The physical pain came first and was easier to deal with. Yeager had to wait two weeks for surgeons to insert a metal rod inside his tibia, fastening it with one screw below his knee and two above his ankle. The goal was for Yeager to regain regular use of his leg.
The Friday after his injury, Yeager’s parents, Paul and Lori, took him to the Eagles game in a wheelchair. When they returned home, they watched the highlights on TV. Even today, Lori’s voice chokes when she remembers looking over at her son. “He never said a word, but tears just ran down his face. It was like it set in. I can’t play.”
After the surgery, Yeager’s hopes rose. “If something is wrong and I can fix it,” he says, “I’m going to fix it as soon as possible.”
He was scheduled to go to physical therapy once a week; he asked if he could go three. Then, on Thanksgiving morning, Yeager started vomiting at 6 a.m. and couldn’t stop. Unable to get out of bed, he texted his parents to come help him. His dad drove him to the hospital and, just after midnight, he had an emergency appendectomy. Yeager was told he could not train at all or lift anything for eight weeks. “Right when I’m trying to get back, I had all that taken away, too,” he says.
For the next two months, Yeager battled against the frustration of being able to do nothing to speed his recovery. The one thing he could do was pray. He asked for strength and for help getting back on the football field and knew that he was being heard. “You just get that feeling; it’s hard to explain,” he says. “You get that good feeling inside that I never really had before.”

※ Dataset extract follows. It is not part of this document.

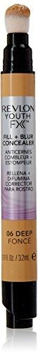 Revlon Youth FX Fill + Blur Concealer works to fill in and blur lines and wrinkles with micro-fillers and optical diffusers. It erases the appearance of dark circles with color correcting pigments that brighten the skin around the eyes and dramatically transform the appearance of crows feet. The lightweight, hydrating formula looks freshly applied all day and doesnt settle into lines. Working in harmony with primers and foundation, this full coverage concealer is available in six unique shades.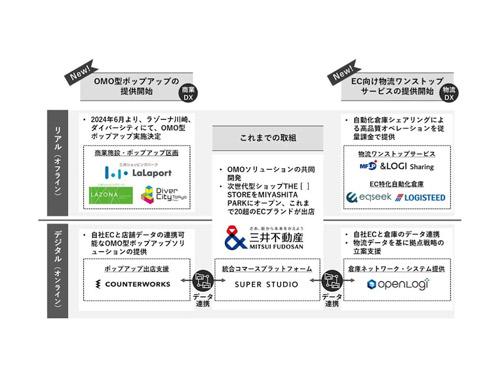 三井不動産は4月19日、統合コマースプラットフォーム「ecforce(イーシーフォース)」を提供するSUPER STUDIO(スーパースタジオ、本社東京都、林紘祐CEO)とともに、ECブランドの成長を”商業”と”物流”の両面から支援するプラットフォームの提供を開始した。OMO(リアルとデジタルの融合)の支援体制を構築し、ECブランドが提供する顧客体験を高め、柔軟に利用しやすい物流サービスも用意することで、成長を支援する。

Yeager’s recovery was finally on track, until football practice began and he discovered that his muscles had not yet adjusted to his new gait. He suffered chronic hamstring and groin pulls. The only solution was the thing Yeager despises most — rest. “I was extremely down about that,” he says. “I worked so hard to come back so I could at least play football again. All that was taken away from me. Even after all the stuff I went through to get there.”
But Yeager, who had just returned from a mission trip to Haiti (see Sidebar) would not allow his frustration to morph into pity, not after what he saw in the orphanages there. “I can’t feel sorry for myself,” he says. “Too many people have it so much worse.”
Once again, Yeager battled back. Someone else had filled his starting tight end position, but he stepped in as an offensive tackle and was named co-captain by his teammates.
Before the first game of the season against rival Avon Lake, the locker room was a frenzy of trash talk about taking the other team down when Yeager spoke up. “I have a good idea,” he told his teammates. “How about we don’t play for our dislike of Avon Lake, but we play for the love of everybody in this room?”
Avon won 41-10, and Yeager’s speech became the team’s rallying cry for the rest of its undefeated regular season. “He just has that ability to motivate his teammates,” Elder says.
In October, another challenge came. Blinding headaches, nausea and a loss of appetite made getting out of bed nearly impossible. After blood tests, a spinal tap and an MRI, doctors determined that Yeager had been hit by three things simultaneously: a previously unknown seafood allergy, a bad flu virus and a concussion. He missed three games.
Yeager returned to the field in time for the playoffs. The Eagles won their first three games before losing to Medina Highland on Nov. 22.
 “Yeager played an outstanding game,” Elder says. “He played exceptionally well.” Still, the reality is he never quite made it back to his old self. If he had never been injured or sick he probably would have played the entire game. Instead, he only played about a third. 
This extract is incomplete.